Garvin returned to the top job in October 2024 after his shock termination in May 2024.
“Since returning to the business in October, I have made it a priority to visit our key markets twice and meet with all key partners to ensure our commitment and connection at the highest level,”Garvin said.
“This is ensuring we are leveraging strategic partnerships to accelerate growth in key international markets, China and the rest of Asia represent a significant upside to our business in the short to medium term. The company has partnered with COFCO [China’s leading wine distributor] and Oceanus [a key distributor in Asia], with shipments to Asia expected to increase by double digits for the full year.”

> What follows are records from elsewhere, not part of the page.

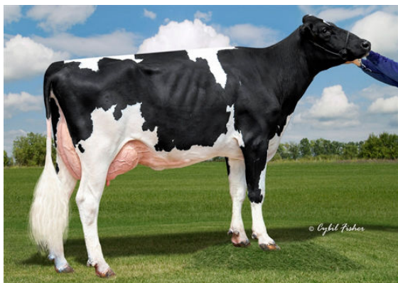
AOT MARK HIGHSTRUNG DAM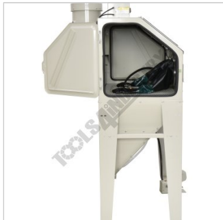
Left Side View Side Door Open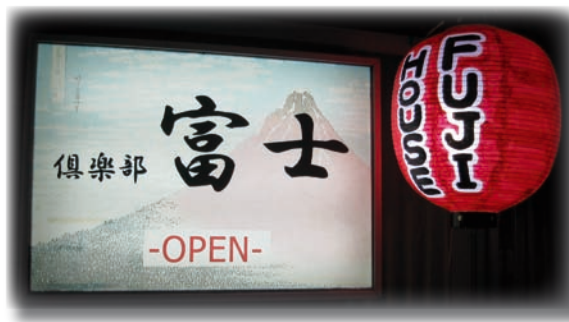
'AKACYOUCHIN' (red lantern, traditional sign of bar)

between people from different countries and cultures. Although it is usually difficult to speak in English, when drinking together, everyone communicates at ease. Club Fuji offers Japanese Sake (hot or cold) and three kinds of beer, we also serve Japanese snacks: 'Wasabi & Kakinotane.'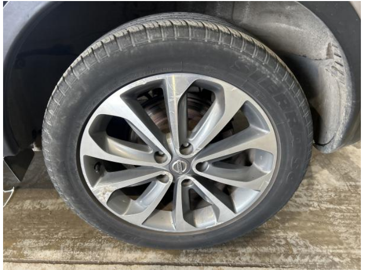
10: Wheel nsr Corroded Light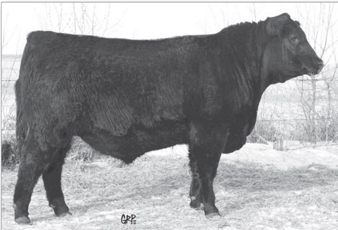
LOT 45 - BROOKMORE FINAL ANSWER 37Y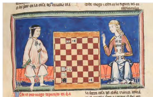
Fig. 14. An Arab and a Spanish woman playing chess, Alfonso X, libro de los juegos, 13th century

It is also mainly due to women that certain rituals celebrating the anniversary of the Prophet of Islam, Muhammad, seem to be influenced by the celebrations in Christianity. Several fatāwā relate these facts and insist on the parallelism of Christian influence. In a fatāwā , Ibn'Abbad considers the new rituals as follows: »to illuminate candles, wear new and beautiful cloth, decorate homes, do everything that is doing joy to ears and eyes are all mubāḥ «. 161 This therefore has to be regarded as a Muslim celebration par excellence .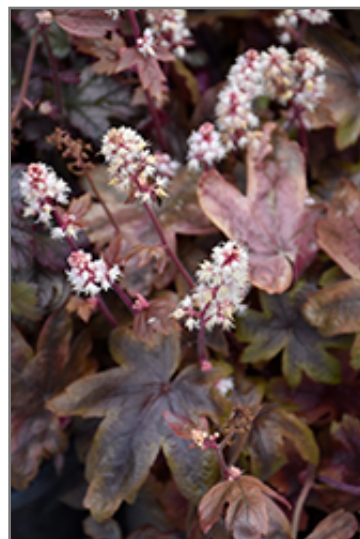
Brass Lantern Foamy Bells flowers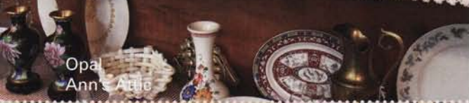
Opal Ann's Attic

• New Beginnings, sponsored by the Community Welcome House. It takes a keen eye to spot this neat thrift store located off Jefferson Street (just past downtown Newnan's DQ). This store contains everything from A-Z including cute clothes for kids, books and household goods. All sales benefit the Community Welcome House. Be sure to note the hours, Thurs-Fri., 10 a.m.-2 p.m. and Sat. 10 a.m.-4 p.m.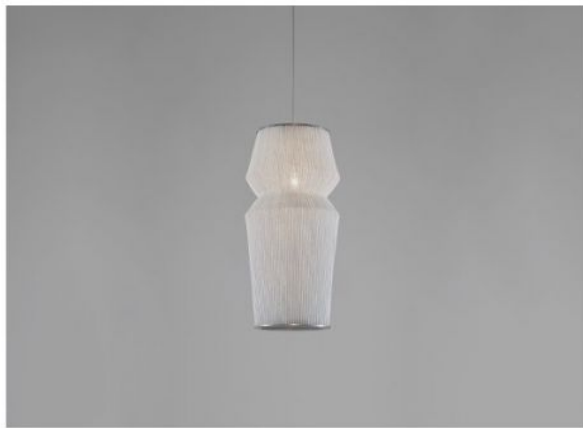
Available Versions Erhältliche Ausführungen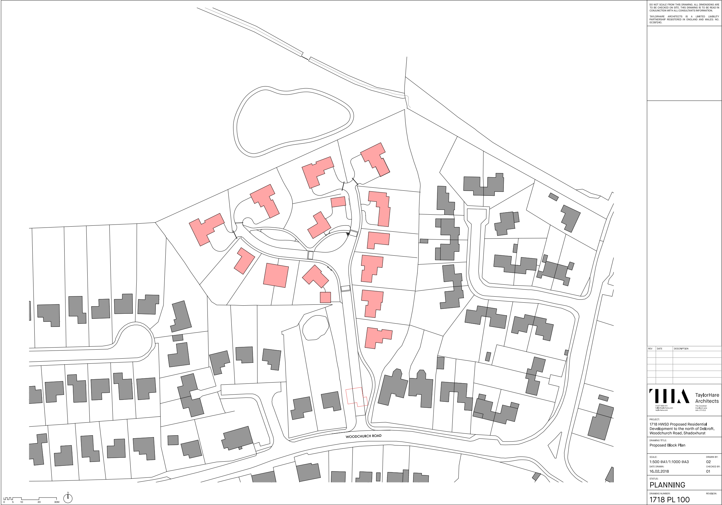
Above: Drawing No. 1718 HWSD PL 100 Proposed Block Plan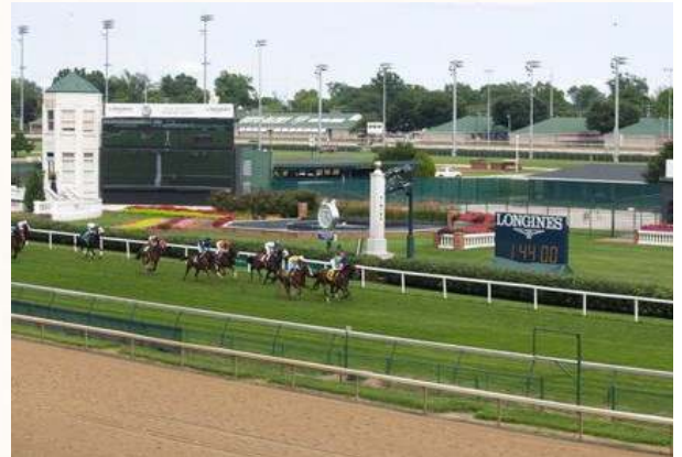
The SAR Race at Churchill Downs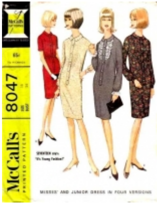
McCall's 8047 60s Peter Pan Collar Shift Dress Sewing Pattern 16 B36 Used $8.00

Misses' and Junior Dress in Four Versions: Dart fitted dress with buttoned front band, faced and interfaced collar, has choice of long or short set-in sleeves. Dress with ruffles of lace edging on front and included in band seams, has lace ruffles sewn to [Product Details...]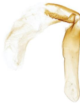
352 Anaplectoides prasina (Green Arches)

Initiatives to increase cash flow
Following its board renewal in 2024, Australian Vintage said it had prioritised free cash flow generation, debt reduction and top-line growth.
Key initiatives include:
- Investing in high-margin brands and innovation to drive category leadership
- Expanding in China, the rest of Asia and the Americas through partnerships
- Leveraging its balance sheet while investing inventory into markets and categories, without discounting pillar brands, where it currently does not compete
- Reducing fixed grape supply and increasing sourcing flexibility
- Driving further operational efficiencies
- Optimising its operational footprint
- Maximising utilisation of industry-leading processing facilities to support growth and potential industry partnerships/consolidation.

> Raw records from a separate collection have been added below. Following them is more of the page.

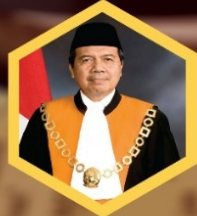
Dr. H. Muhammad Syarifudin, S.H., M.H. Chief Justice of Supreme Court of Indonesia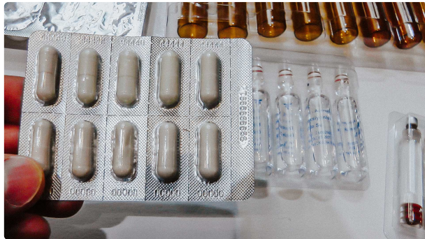
Equipment for packing solid gelatine capsules in PVC and aluminum blister

Pharmaceutical Tablet Press • 03.09.2020 • 1.785K views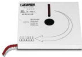
The illustration shows version AI 1,5 - 8 in red

Ferrules, 0.5 mm 2 , taped, sleeve length: 8 mm, with plastic collar, galvanically tin-plated, color: white, color range according to DIN 46228-4, CSA-certified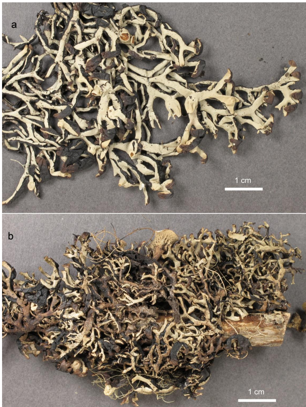
Fig. 9 – Hypogymnia pendula . a Habit (McCune 26711). b Habit of narrow-lobed morph (McCune 26712). Scale bars 1 mm unless otherwise indicated.

Description – Thallus appressed to suberect, to 6(15) cm broad; branching isotomic dichotomous to irregular, budding occasional; upper surface smooth to occasionally rugose, white, pale gray to greenish gray, solarizing to blackish, not or rarely dark mottled, black border seldom visible from above; lobes contiguous to imbricate or \pm separate, 0.5-2.5(4) mm broad; lobe tips and axils imperforate or irregularly torn at sites of incipient soralia; medulla hollow; ceiling of cavity white or dark, floor of cavity dark; lower surface black, rarely perforate; soredia on the inside of the burst lobe tips, developing labriform soralia; isidia absent, lobules rare; apothecia rare, substipitate to stipitate, to 2(4) mm in diam; stipe funnel-shaped, hollow; disc brown; thalline exciple becoming sorediate; hypothecium weakly POL+, stronger at the base; ascospores ellipsoid, 6.1\text{--}7.9 \times 4.5\text{--}5.6 \mu\text{m} ; pycnidia occasional; spermatia narrowly cylindrical to weakly bifusiform, 5.5\text{--}7.1 \times 0.9\text{--}1.3 \mu\text{m} .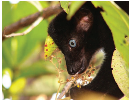
Male blue-eyed black lemur. Eulemur flavifrons in Sahamalaza–Iles Radama National Park.

An International Union for Conservation of Nature (IUCN) Species Survival Commission (SSC) Red List reassessment found that 94% of lemur species are threatened (2) (fig. S1 and table S1), up from 74% in 2008, which makes lemurs the most imperiled group of large vertebrates. Although other large mammals are also under pressure, for the vast majority of taxa in an entire infraorder (Lemuriformes) to be threatened is new, notable, and disturbing. This reevaluation has resulted from both the deterioration of habitat and the recent application of genetic data to phylogenetic analyses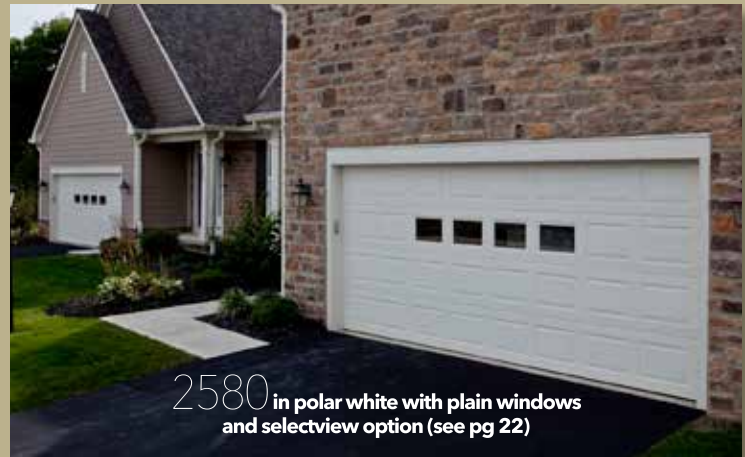
2580 in polar white with plain windows and selectview option (see pg 22)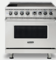
5 SERIES 36"W. RANGE VIR5362 – 6 BURNERS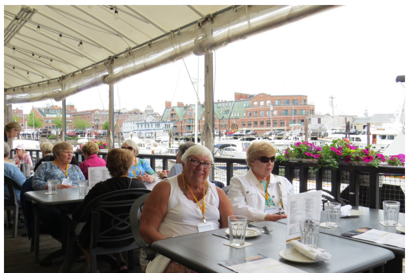
RC 12 Dining at Millio's Restaurant in Portland Maine

August 7-26, 2018 RC 12 trip to Alaska & Yukon Land and Cruise--Overnight Trip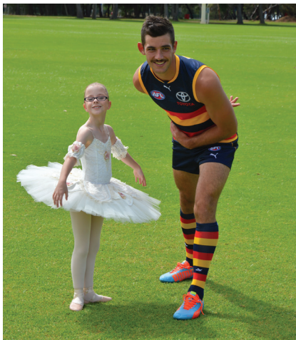
Variety – The Children's Charity $50,000

The Variety Show of Hearts Scholarship program assists children who are sick, disadvantaged or have special needs to fulfil their talents in the field of sport, the arts and education. Previous recipients have gone on to represent Australia in the Paralympics and have performed in leading National musicals. We enjoyed sharing the individual journeys of some of this year's 27 scholarship children,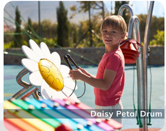
Daisy Petal Drum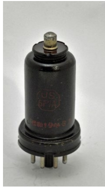
US-6F7A by Toshiba (1939)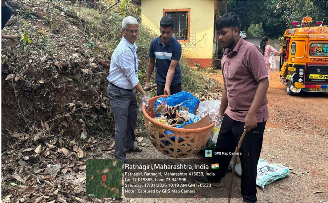
Less waste, more pride!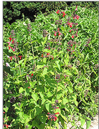
Pineapple Sage in bloom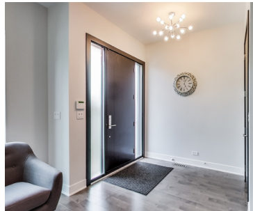
Decora Smart Wi-Fi Dimmers and Switches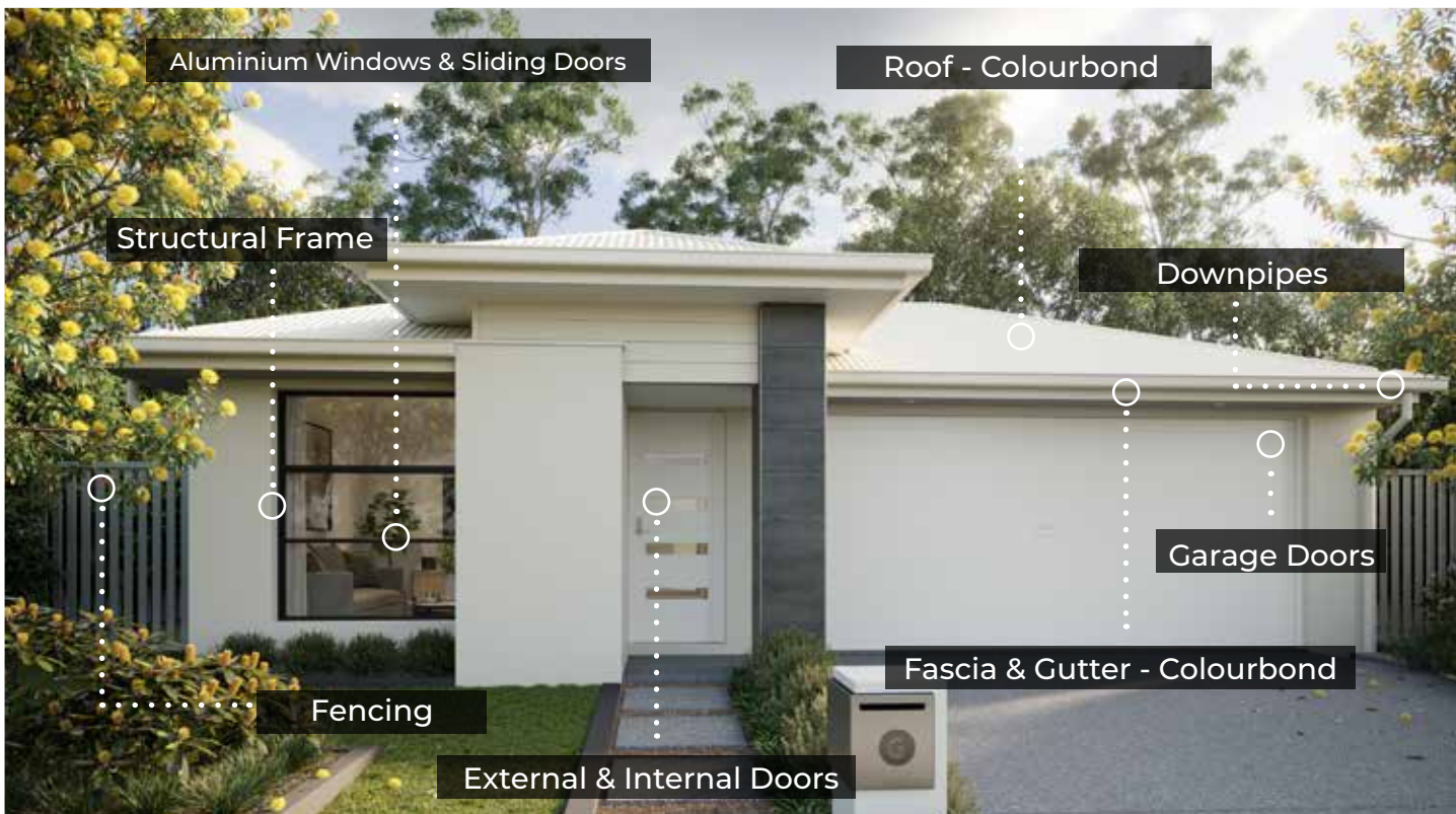
Gallery Homes Pty Ltd may not inspect works after the expired dates. If an inspection is carried out and works are found not to be the responsibility of the builder, then a callout fee may be charged. *Images are for presentation purposes only and may not include everything in the image.

Garvin said: “With strong innovation and strategic expansion, Australian Vintage is set to generate positive cash flow in the second half of FY25, thereby achieving free cash flow neutrality for the full financial year.

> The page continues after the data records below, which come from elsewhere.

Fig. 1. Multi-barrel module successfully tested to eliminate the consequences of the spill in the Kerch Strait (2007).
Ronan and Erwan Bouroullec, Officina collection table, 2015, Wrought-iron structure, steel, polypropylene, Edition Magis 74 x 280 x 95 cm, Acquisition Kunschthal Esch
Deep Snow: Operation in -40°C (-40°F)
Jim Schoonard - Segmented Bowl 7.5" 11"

“I am extremely pleased with the alignment we have established between our newly appointed board and management. Our board is supporting our progress with professional expertise and strategic acumen to deliver improved results and
market performance.”
Garvin indicated Australian Vintage’s future could include merger and acquisition deals.
“As the industry continues to consolidate globally, we remain proactive in evaluating opportunities that drive long-term value. Our processing capabilities, wine expertise, and assets are world-class and a strategic advantage when paired
with the right incremental volume,” he said.
However, he told The Australian that while Australian Vintage had been keen to buy Treasury Wine Estates’ Wolf Blass, Yellowglen, Lindemans and Blossom Hill wine labels, the company “couldn’t justify the sale price demanded”.